Tres personas se acercaron al monte. A medida que se aproximaban, el poderoso despliegue de presión aérea desde la cima del monte aumentaba cada vez más. Esta presión era considerable para los cultivadores de base, pero solo los del estado de núcleo couldros podían ignorarla al principio.
La Cinco Hermanas se separó y caminó en la vanguardia, resistiendo esta presión aérea en nombre de Bai Xiaochun. Bai Xiaochun lo veía todo con gratitud, llamándola “Tío” y “Cincodía” constantemente mientras charlaba animadamente con ella.

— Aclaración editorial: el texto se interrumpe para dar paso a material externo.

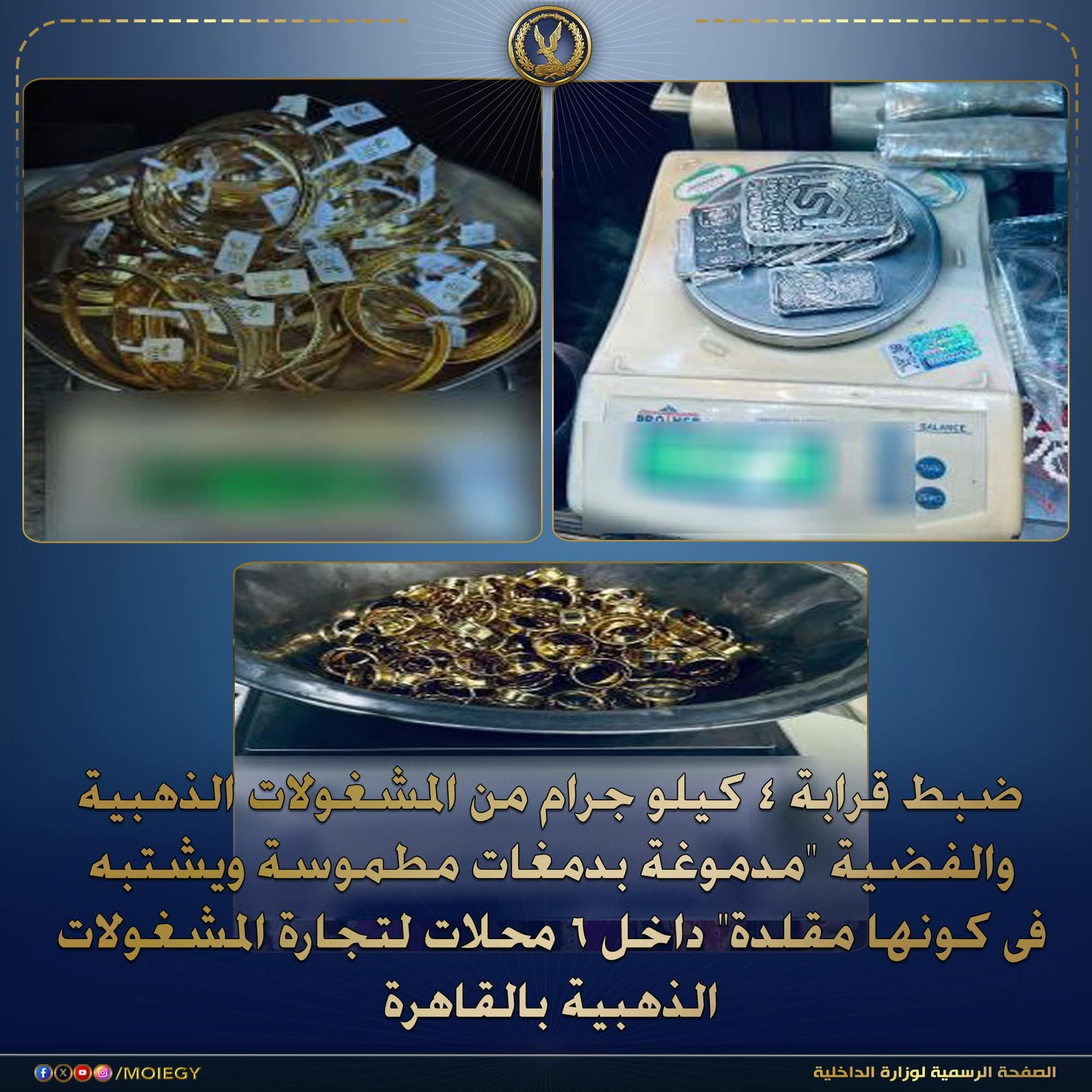 وأسفرت الجهود عن ضبط كمية من المشغولات الذهبية والفضية بلغ وزنها قرابة 4 كيلو جرامات، تحمل دمغات مطموسة ويُشتبه في كونها مقلدة، داخل 6 محال لتجارة المشغولات الذهبية بدائرة قسم شرطة الجمالية بالقاهرة.
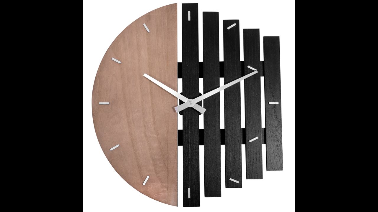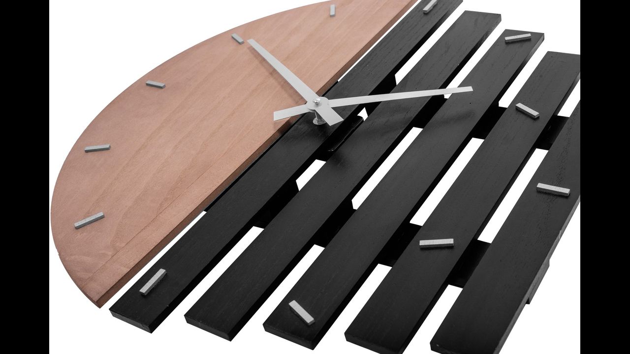 Nowoczesne połączenie drewna z antracytem, sprawia że zegar jest niesamowitą ozdobą.

No tardaron mucho en llegar al pie del monte. Elegieron una senda entre las numerosas rutas que bordeaban el monte para subir hacia arriba. Al entrar, la presión aérea se volvió aún más intensa. Los cultivadores de base que caminaban por las otras vías sudaban abundantemente mientras subían con cuidado y tenían que prestar atención a los prohibiciones circundantes, lo cual les hacía avanzar lentamente.
Pero para Bai Xiaochun, la presión aérea no era nada. Incluso en el pie del monte, y mucho menos en la cima, se sentía como si llevara un pajarito sobre su cabeza.
Aunque apreciaba la bondad de Cincodía, Bai Xiaochun fingió estar algo presionado para dar una apariencia de malestar, suspirando de vez en cuando.
Después de todo, todos en el exterior del Antiguo Terreno podían ver lo que estaba sucediendo. Por lo tanto, Bai Xiaochun tenía que hacer la fachada. Sin embargo, no dejaba de mirar la senda donde se encontraba Bai Qi.
Observando cómo Bai Qi avanzaba rápidamente hacia la cima, los ojos de Bai Xiaochun chispearon mientras calculaba el tiempo que le llevaría a Bai Qi llegar a la cima.
"Bro Herman, escucha a Tío. A Bai Qi... mejor no lo molestes." Notando la mirada de Bai Xiaochun, Bai Lei's ojos se encogieron ligeramente y susurró.
"No será posible que te mate, ¿no?" Bai Xiaochun miró a Bai Lei con una expresión enojada.
"Hermano Herman, ¿cómo puedes no entenderlo? El Espíritu del Cielo y la Tierra estaba ya predeterminado para Bai Qi. Eso demuestra la preferencia de nuestro antepasado por él. Si continúas como ayer, quizás... corras peligro con tu vida."
"Sigue los consejos de Tío. Deberías acercarte más al Gran Maestro del Método. Con su presencia, aunque Bai Qi quiera hacer algo contigo, tendrá que tener cuidado", dijo Bai Lei seriamente, mirando a Bai Xiaochun con mucha intención.
Bai Lei se rió internamente y pensó: "Bro Herman parece ser un niño pequeño hoy, pero en realidad tiene una expresión astuta".
Bai Xiaochun asintió con la cabeza con una mirada de resentimiento. Miró a Cincodía y dijo:
"Gracias, Cincodía."
"Ve tomando, siempre es mejor tener más defensa. Este clan... no confíes en nadie", dijo Cincodía suavemente antes de caminar hacia adelante.
Bai Lei frunció el ceño por la interrupción de Cincodía y su sugerencia subyacente, pero recordando que Cincodía tenía un buen estatus dentro del clan y probablemente se casaría fuera pronto, decidió dejarlo pasar. Siguió charlando animadamente.
Cincodía parecía no estar muy de acuerdo con la conversación de Bai Lei y solo respondió a veces, pero al ver objetos que servían para cultivadores de base en el camino, los recogía y se los entregaba a Bai Xiaochun.
Después de más de una hora, Bai Xiaochun había acumulado varias piezas de armamento mágico. Había incluso miles de espíritus renegados y algunos remedios espirituales.
Todo esto lo hizo sentir agradecido. Miró a Cincodía con gratitud, quien era la segunda persona en el clan Bai que le había ganado su respeto. Sabía que ella no buscaba nada más de él; simplemente le consideraba un miembro del clan y se compadecía de sus circunstancias.